Community TTS Benchmark Covers All Major Local Text-to-Speech Tools as of May 2026

AI news: Community TTS Benchmark Covers All Major Local Text-to-Speech Tools as of May 2026

A community-built benchmark now covers most known text-to-speech (TTS) tools - software that converts written text into spoken audio - available as of May 2026. The tts-bench project on GitHub includes measured results for Windows and Mac hardware, with Linux testing currently in progress on additional hardware configurations.

The project was built to fill a gap that anyone evaluating TTS options has run into. Most comparisons are either vendor-produced demos or informal listener tests that don't tell you anything about speed, resource usage, or how a model performs on your specific hardware. Results are presented in an HTML page designed for easy cross-model comparison.

The Case for Running TTS Locally

The benchmark is focused on local TTS - models you run on your own machine rather than sending text to a cloud API. That matters for several practical reasons. Text processed locally never leaves your machine, which is relevant for sensitive documents or legal transcripts. It also removes per-character API pricing and rate limits from workflows that generate high volumes of audio output.

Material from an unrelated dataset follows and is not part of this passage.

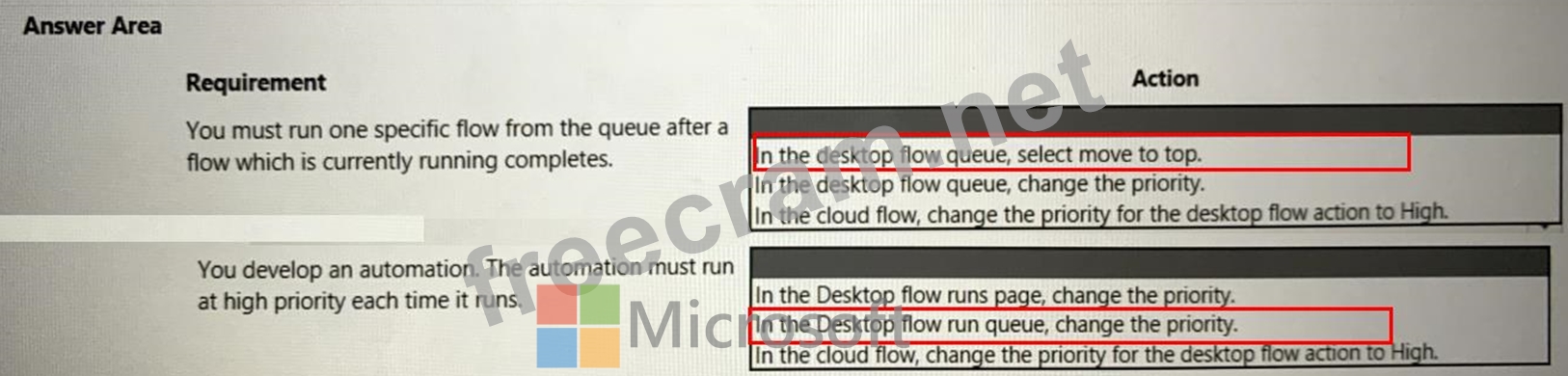 You need to manage the flows. To answer, select the appropriate options in the answer area.

Local TTS quality has improved enough in the past year that the question has shifted from "can consumer hardware run a decent TTS model?" to "which model is fastest and most accurate on my specific setup?" A model that performs well on an Apple Silicon Mac may behave differently on a Windows machine with a mid-range GPU - exactly the kind of hardware-specific data this benchmark captures.

The project is a solo effort without organizational backing, so its update cadence depends entirely on one person's continued involvement. That's worth keeping in mind before building a tool selection decision around it. But as a current snapshot of the local TTS landscape, it's a more honest starting point than vendor benchmarks - and it covers hardware configurations that most formal evaluations skip entirely.